We do not propose any change in this respect, we would just like to get some rationale for the current situation. Perhaps it could be explicitly stated in the spec that nesting of <foreach> in prompts is not possible?
Any comments to our proposals are appreciated.
VoiceXML 2.1 specification extends the <grammar> element to support dynamically generated URIs for grammar.(by addition of 'srcexpr' attribute).
I suggest that the same should only be allowed for formitem level grammars. Otherwise for all the grammars declared at dialog scope (or above), the URI has to re-evaluated and the grammar has to be defined again for each input item. This actually defies the concept of keeping a grammar at dialog level.
Also, am not able to find any use case to have the same (at dialog level or above) in any VoiceXML document.
Since, this is not added as a restriction in VoiceXML2.1 specification, all the compliant processors will anyways has to support this. So, this can be added as a restriction for grammar element with 'srcexpr' attribute.
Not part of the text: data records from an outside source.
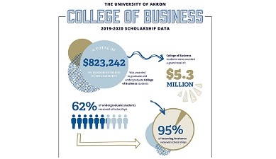 Helping to make college affordable for all of its students is a priority for the CoB but is only one part of the value proposition it offers to students. R.J. Nemer, Dean of the College of Business said, “To provide students with access to excellent scholarship opportunities is an added benefit that makes the CoB more valuable as a higher education option in the region. We are consistently ranked as one of the best business schools in Northeast Ohio, ensuring our students have access to paid internships and professional development. A means to fund our students' education is a vital component of this process.”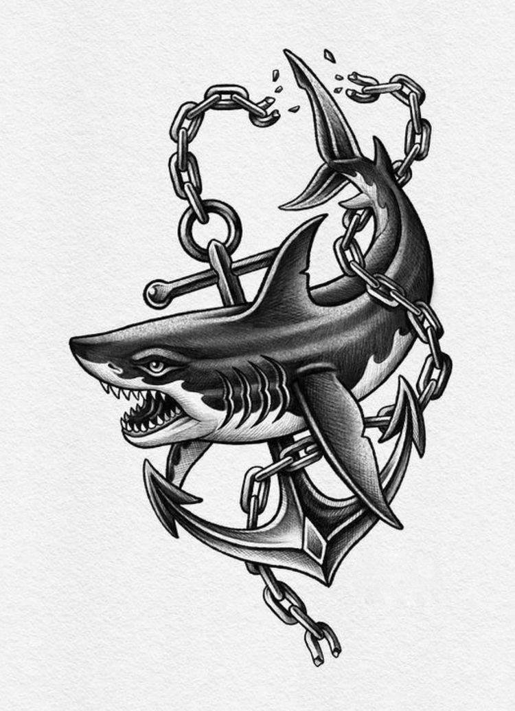 Welche Bedeutung das Tattoo genau hat, hängt davon ab, was die Person tut. Menschen, die in direktem Zusammenhang mit dem Meer stehen (Fischer und Segler), bevorzugen häufig Hai-Skizzen.
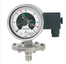 開關電接點(報警用電子式電接點)對可根據儀表的指針位置接通和關斷電氣控制電路。開關電接點在全量程范圍內可調(參見DIN 16085)。通常情況下,電接點都安裝在表盤下面,只有少數是安裝在表盤上面。儀器指針(實際值指針)可在整個量程范圍內自由旋轉,與設定無關。

From Titus von der Malsburg:
maybe I'm doing something wrong but my VoiceXML code tends to get a hell of a lot redundant. I use subdialogs, event-handling and XML macros (courtesy of a nice XSLT hack) to factor out common code as much as possible. Unfortunately there are many cases where I could use subdialogs when it was possible to parameterize them with grammars. Whereas it's possible to pass a grammar to a subdialog, the grammar element doesn't provide means for defining grammars programmatically. (Srcexpr is applicable in some situations but in others the grammar cannot be determined until runtime, so that srcexpr isn't very helpful.) What's missing here is an expr attribute as provided by other elements.
I can think of many situations beyond subdialogs where expr could be beneficially used. Since VoiceXML 2.1 already introduced the srcexpr attribute for the grammar element, I suspect that there are no technical reasons that rule out a expr attribute. Therefore I humbly propose to add it in some future version of VoiceXML.
From Greg Inglis:
I agree with Titus von der Malsburg comments on 8/10/06. With the addition of the <data> tag in v2.1 there seems to be some acknowlegement that VXML needed more client processing ablility (this reduces the number of complete VXML page transitions in an application). This is somewhat like the AJAX paradigm.
As an alternative, maybe using a <value> tag within <grammar> tags to dynamically specify the grammar content would be a bit less ambiguous? For example:
... <grammar> <value expr="GenerateSomeGrammar()"/> </grammar>
From Srinivas R Thota:
Unlike the CCXML <fetch> element the VoiceXML <data> element has no type attribute. Can we also have the type attribute for <data> element, so that application writers can explicitly mention the type of the data they are processing on and also the type validation can be done same as like <fetch>.